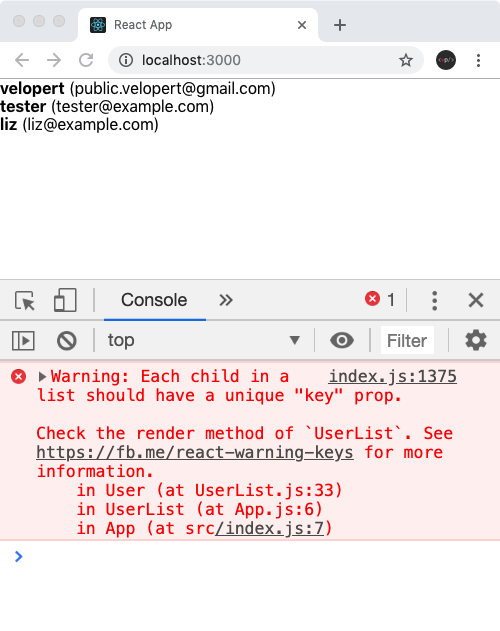 export default UserList;간단하지요? 이렇게 하면 배열의 모든 원소가 렌더링됩니다. 하지만, 여기서 끝이 아닙니다. 브라우저에서 콘솔을 열어보면 다음과 같은 에러가 보여질것입니다.
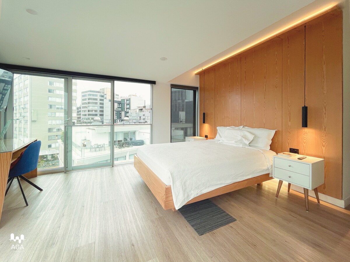 Despierta con vistas abiertas al skyline a solo media cuadra del Parque Kennedy, en el corazón de Miraflores. Este loft boutique, luminoso y silencioso, es ideal para estancias largas y trabajo remoto. Las mamparas de piso a techo ofrecen vistas a la Av. Diagonal, al jardín interior del edificio y al skyline de Miraflores. Acceso a piscina rooftop, gimnasio, coworking, estacionamiento privado, Wi-Fi rápido, self check-in y recepción 24/7, rodeado de cafés y restaurantes.
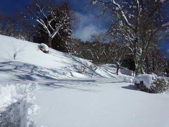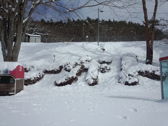 バス停の皐月 2月9日11:47 学校入口の坂(50cmの積雪) 2月9日11:07
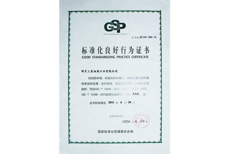 標準化良好行為證書
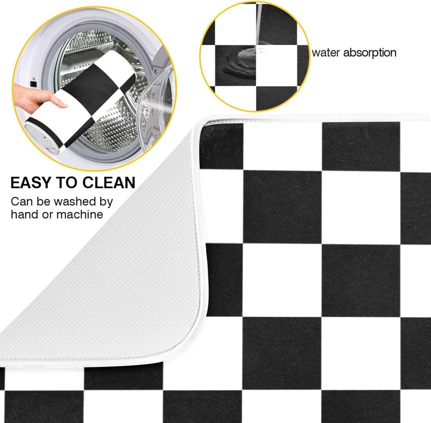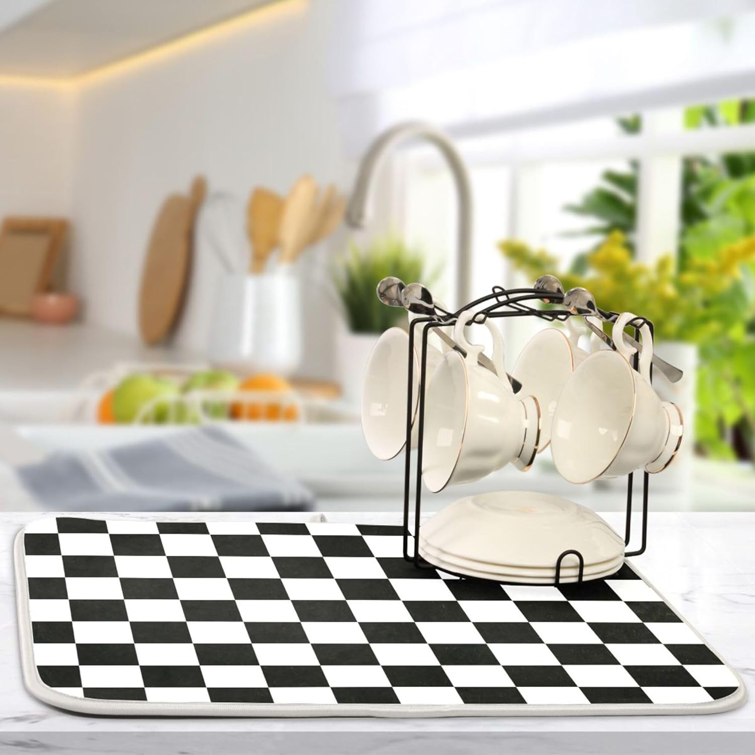 Black White Chessboard Dish Drying Mat for Kitchen Countertop 18x24 Plaid Checkered Rectangle Large Drying Mat Reusable Quick Dry Dish Sink Absorbent Mats Easy Clean Decorative Home Essentials

________________________

# [EXERCISE REQUIREMENTS]
Retype, word for word, the lines from the one with "Despierta con vistas" through the last line of the entries above, and only those lines. Leave pictures out.

# [TASK SOLUTION]
 Despierta con vistas abiertas al skyline a solo media cuadra del Parque Kennedy, en el corazón de Miraflores. Este loft boutique, luminoso y silencioso, es ideal para estancias largas y trabajo remoto. Las mamparas de piso a techo ofrecen vistas a la Av. Diagonal, al jardín interior del edificio y al skyline de Miraflores. Acceso a piscina rooftop, gimnasio, coworking, estacionamiento privado, Wi-Fi rápido, self check-in y recepción 24/7, rodeado de cafés y restaurantes.
 バス停の皐月 2月9日11:47 学校入口の坂(50cmの積雪) 2月9日11:07
 標準化良好行為證書
 Black White Chessboard Dish Drying Mat for Kitchen Countertop 18x24 Plaid Checkered Rectangle Large Drying Mat Reusable Quick Dry Dish Sink Absorbent Mats Easy Clean Decorative Home Essentials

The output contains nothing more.